▸ **Exercise prompt**: Beneath this line are entries. Copy the range from the line with "1年生にとって、初めてのタブレットを使っての学習を行いました。" to the line with "第三方编辑, 蓝色丝带, 牛仔镜头", ends included, exactly; leave pictures out.

▸ **Listed records**:
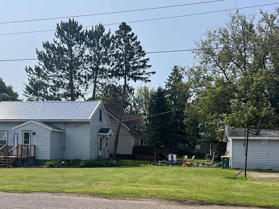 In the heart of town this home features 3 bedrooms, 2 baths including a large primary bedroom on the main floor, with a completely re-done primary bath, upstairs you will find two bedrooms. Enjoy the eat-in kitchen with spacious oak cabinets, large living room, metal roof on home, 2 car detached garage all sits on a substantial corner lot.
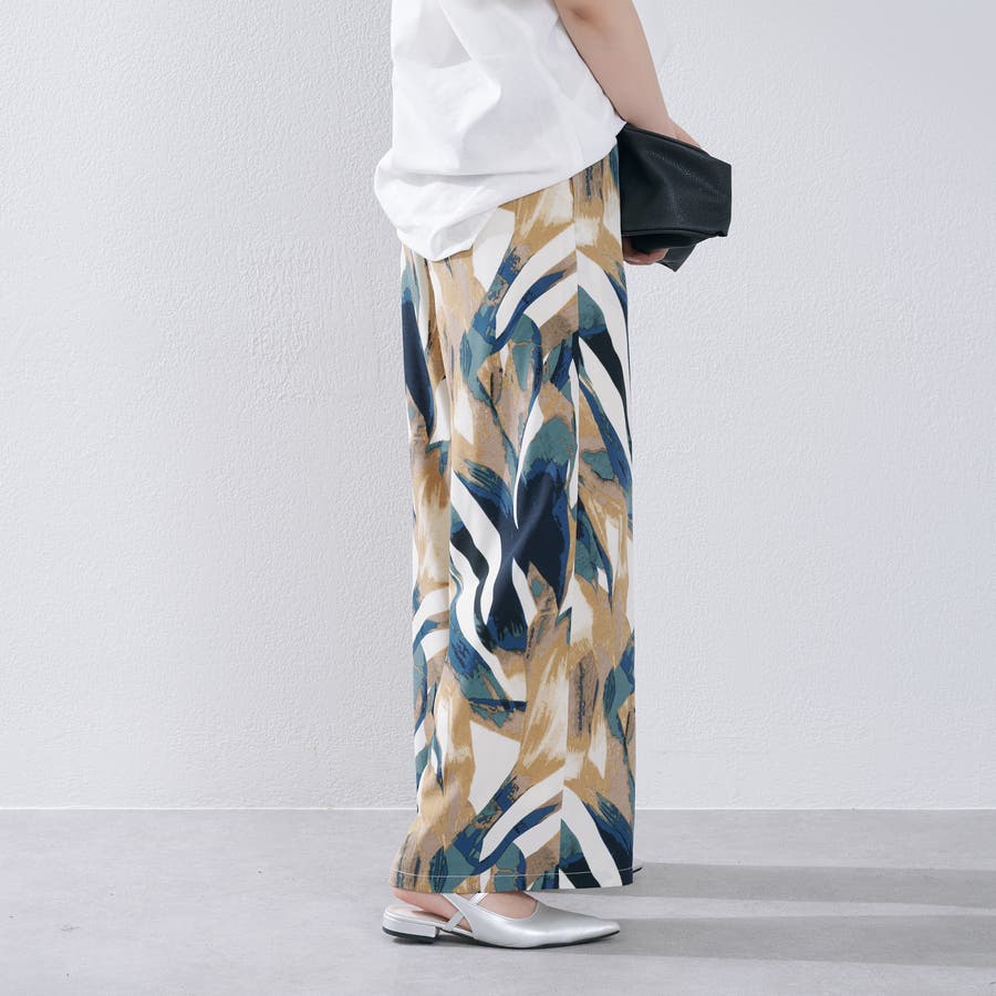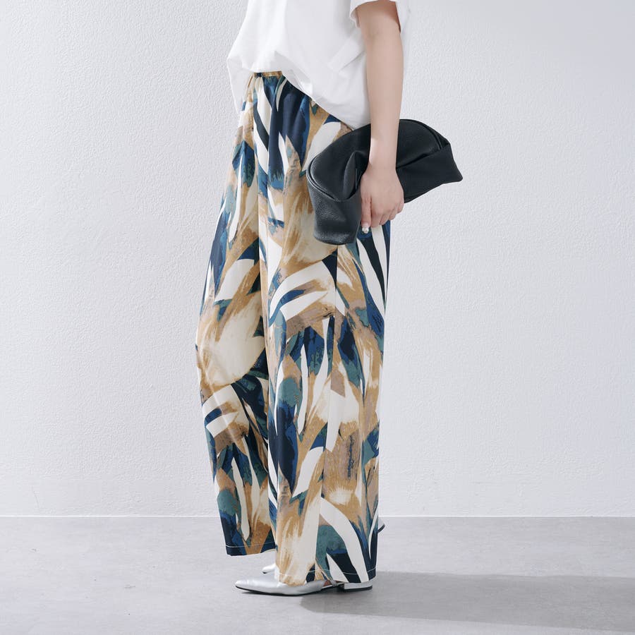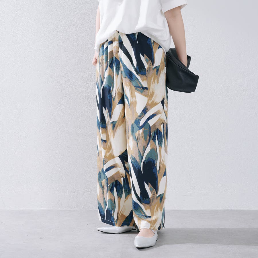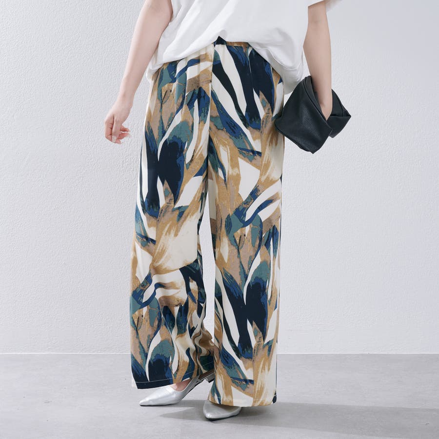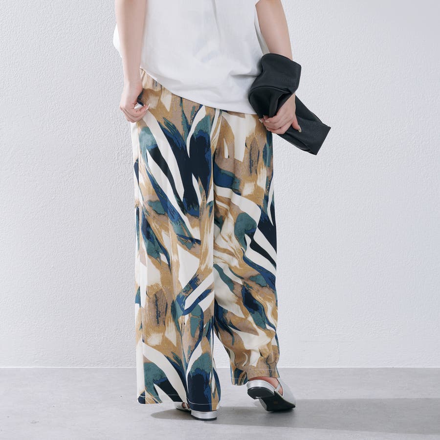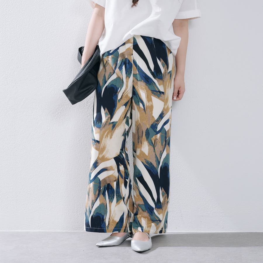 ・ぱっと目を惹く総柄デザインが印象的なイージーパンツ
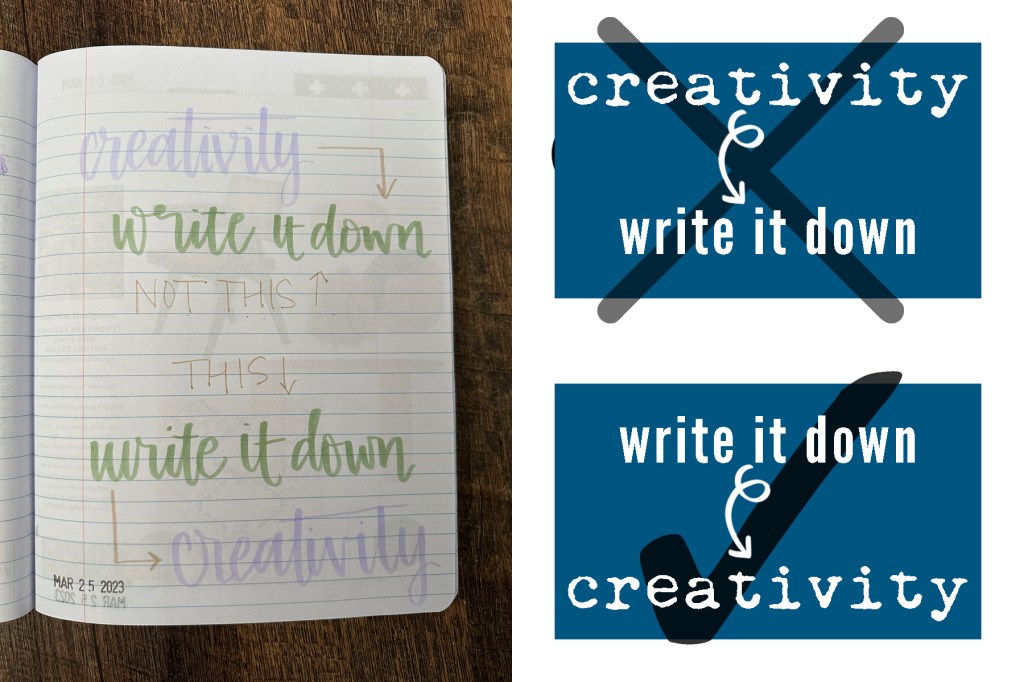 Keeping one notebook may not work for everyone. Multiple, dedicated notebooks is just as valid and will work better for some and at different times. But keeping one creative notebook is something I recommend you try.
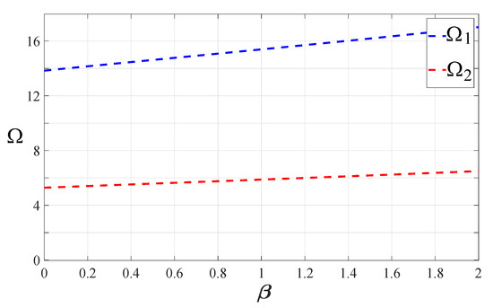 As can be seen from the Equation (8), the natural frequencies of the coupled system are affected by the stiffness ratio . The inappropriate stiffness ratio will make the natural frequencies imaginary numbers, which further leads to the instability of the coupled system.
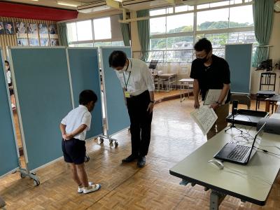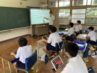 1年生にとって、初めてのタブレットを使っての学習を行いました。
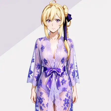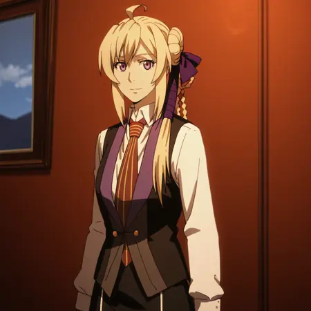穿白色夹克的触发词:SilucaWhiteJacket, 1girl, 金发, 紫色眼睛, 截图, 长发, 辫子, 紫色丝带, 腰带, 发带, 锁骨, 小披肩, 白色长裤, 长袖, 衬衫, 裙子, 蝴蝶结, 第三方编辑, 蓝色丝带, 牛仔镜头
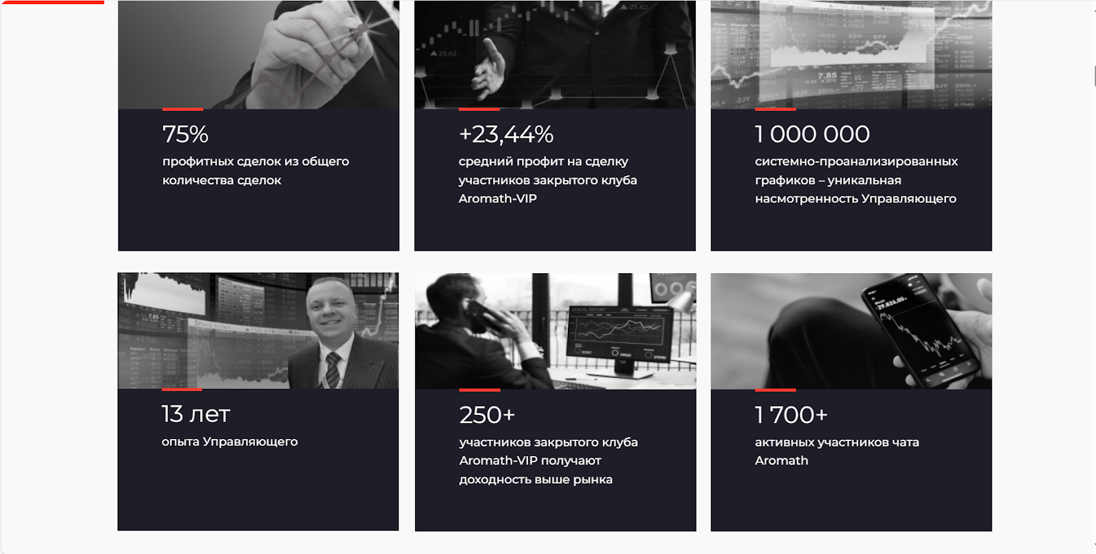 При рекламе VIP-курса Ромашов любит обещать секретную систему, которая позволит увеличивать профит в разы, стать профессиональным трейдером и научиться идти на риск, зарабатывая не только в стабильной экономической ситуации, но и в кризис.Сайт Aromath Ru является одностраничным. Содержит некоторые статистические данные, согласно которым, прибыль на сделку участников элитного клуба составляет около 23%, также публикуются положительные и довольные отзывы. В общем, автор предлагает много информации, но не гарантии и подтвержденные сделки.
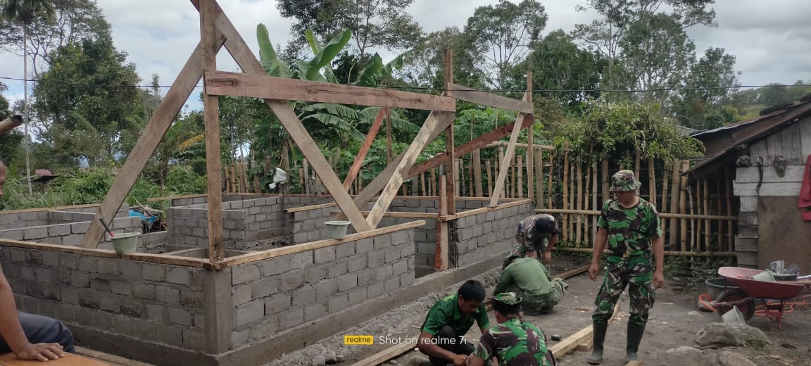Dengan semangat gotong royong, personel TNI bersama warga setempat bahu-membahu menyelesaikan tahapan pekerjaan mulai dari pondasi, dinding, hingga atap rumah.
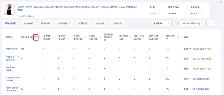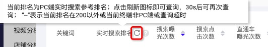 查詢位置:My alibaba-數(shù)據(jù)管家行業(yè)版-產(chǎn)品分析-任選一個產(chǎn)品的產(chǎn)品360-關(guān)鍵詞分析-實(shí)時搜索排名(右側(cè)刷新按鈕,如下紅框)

▸ **Exercise output**:
 1年生にとって、初めてのタブレットを使っての学習を行いました。
穿白色夹克的触发词:SilucaWhiteJacket, 1girl, 金发, 紫色眼睛, 截图, 长发, 辫子, 紫色丝带, 腰带, 发带, 锁骨, 小披肩, 白色长裤, 长袖, 衬衫, 裙子, 蝴蝶结, 第三方编辑, 蓝色丝带, 牛仔镜头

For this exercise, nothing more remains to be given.